**YOUR ASSIGNMENT**. All lines from the one containing "8月4日,樊振东在比赛中。当" through the end of the data below are to be repeated exactly, with pictures left out.

**DATA EXCERPT**.
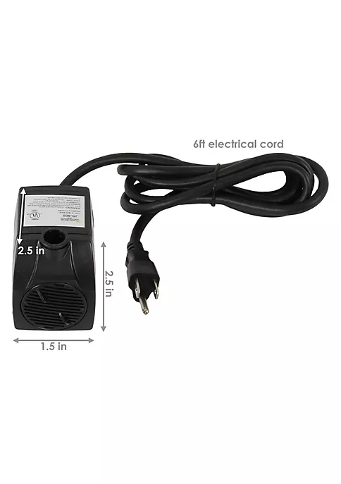 - SPECIFICATIONS: 2.5 inches long x 1.5 inches wide x 2.5 inches high; weighs 2.4 pounds; 200 GPH with up to a 4.3-foot lift; 22-inch cord connects lights to plugin
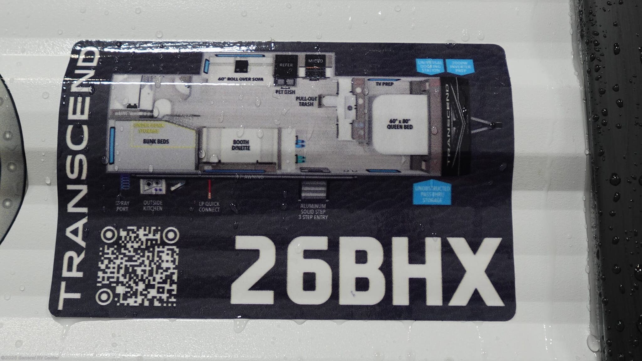 Discover the 2026 Grand Design Transcend Xplor 26BHX, a travel trailer that effortlessly combines style, comfort, and functionality for your adventures. With a length of just over 30 feet, this RV is designed to accommodate up to 10 sleepers, making it perfect for family trips or gatherings with friends. The front bedroom features a cozy queen bed, ensuring restful nights, while the bunkhouse at the rear provides additional sleeping space with double beds. The versatile convertible seating options, including a booth dinette and a 60" roll-over sofa, offer both relaxation and extra sleeping capacity. The center kitchen is equipped with a full-size electric refrigerator and a three-burner cooktop, making meal preparation a breeze. Enjoy the convenience of the outside kitchen for alfresco dining under the 17-foot powered retractable awning. The thoughtfully designed floorplan includes a rear bath with a shower curtain, ensuring privacy and comfort. With ample storage options, including under-bunk storage and unobstructed pass-thru storage, you'll have plenty of room for all your gear. Plus, the 2000W inverter prep and universal docking station enhance your camping experience with modern conveniences. Whether you're exploring the countryside or setting up at a favorite campsite, the Transcend Xplor 26BHX is your ideal home on wheels. For more details or to experience this RV firsthand, visit your nearest General RV Dealership.
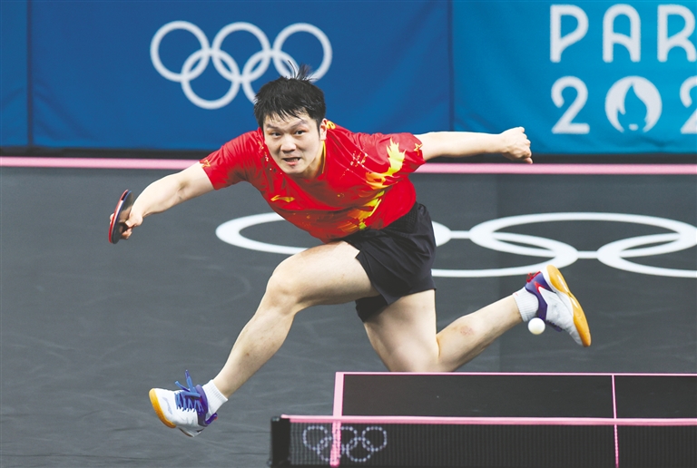 8月4日,樊振东在比赛中。当日,在巴黎奥运会乒乓球男单决赛中,中国选手樊振东4比1战胜瑞典选手莫雷高德,夺得金牌。
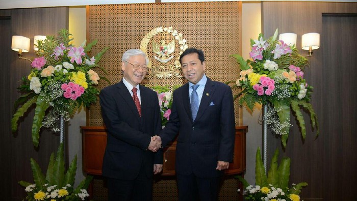 Nguyen mengawali kunjungan ke MPR dan diterima Wakil Ketua MPR EE Mangindaan di kompleks parlemen, Senayan, Jakarta, Selasa (22/8/2017). Tak lama setelah itu, sekitar pukul 15.45 WIB, Nguyen diterima oleh Ketua DPR Setya Novanto.

**TASK OUTPUT**.
 8月4日,樊振东在比赛中。当日,在巴黎奥运会乒乓球男单决赛中,中国选手樊振东4比1战胜瑞典选手莫雷高德,夺得金牌。
 Nguyen mengawali kunjungan ke MPR dan diterima Wakil Ketua MPR EE Mangindaan di kompleks parlemen, Senayan, Jakarta, Selasa (22/8/2017). Tak lama setelah itu, sekitar pukul 15.45 WIB, Nguyen diterima oleh Ketua DPR Setya Novanto.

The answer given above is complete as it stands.